This title is not specifically referring to one company, one brand or one country in the title.

For the past five to seven years, even in a tight economy,  leading developers have been targeting previously under-served countries and the pace has hastened this past 24-36 months. (See this link for specifics)

For this lessons in leadership, I looked to the East for a different perspective and different industry.  While hospitality is not the same as manufacturing, there are parallels in certain people skills.
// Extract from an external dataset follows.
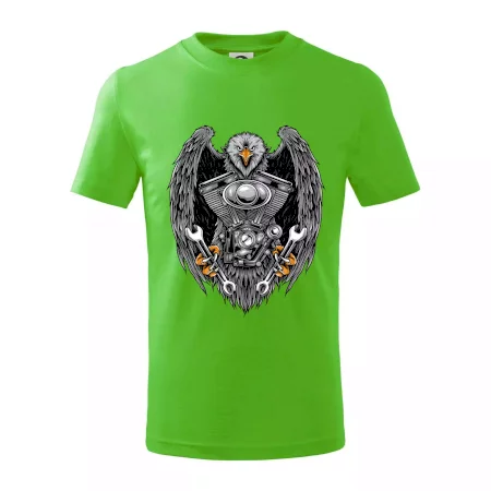 Detské tričko strednej gramáže s bočnými švami. Úzky priekrčník s prídavkom 5% elastanu. Vnútorná časť zadného priekrčníka začistená tkanou páskou. Spevnený ramenný šev.
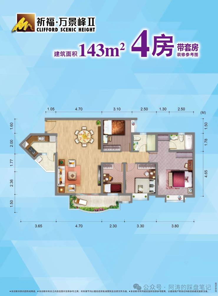 130-143㎡四居:改善型户型,四房两卫,大横厅设计,阳台朝南,适合改善家庭,豪装交标质感扎实。

A former senior managing director of Toyota Motor Corporation and renowned leader of their famous manufacturing system, Masao Nemoto is known throughout the world as a leader in quality control and process optimization. In a sense, he is one of the principal architects of the “Toyota Way.”    His ideas on leadership and quality management are documented, and reveal the profound knowledge Nemoto infused into the day-to-day operations at Toyota, much the same as certain hoteliers such as Statler, Hilton, Wilson,  Johnson, Marriott, Oberoi, Sharp, Carlson, Kerzner, Forte, Ritz and others did in hotels.

Nemoto insisted on a culture of shared responsibility and he believed that critical tasks could not be left to a single business unit, but rather should be a collective responsibility. Nemoto’s point of view says that leaders must lead across the company, not just their own particular area

His beliefs went from the senior leaders all the down to the individual worker on the assembly line, where everyone speaks, insisted Nemoto, not just management. A direct result of this view is the work principle: problems must be solved at the lowest possible level. All employees take responsibility for problem solving, instead of pushing the problems or issues up the line where it likely gets choked in bureaucracy.

In my career, I have worked with and in all sizes of organizations.   I have sat in countless meetings that seem to be stalled with some regularity and have found myself wondering the same things you might be thinking today:  “Are we competing against each other or against the competition?”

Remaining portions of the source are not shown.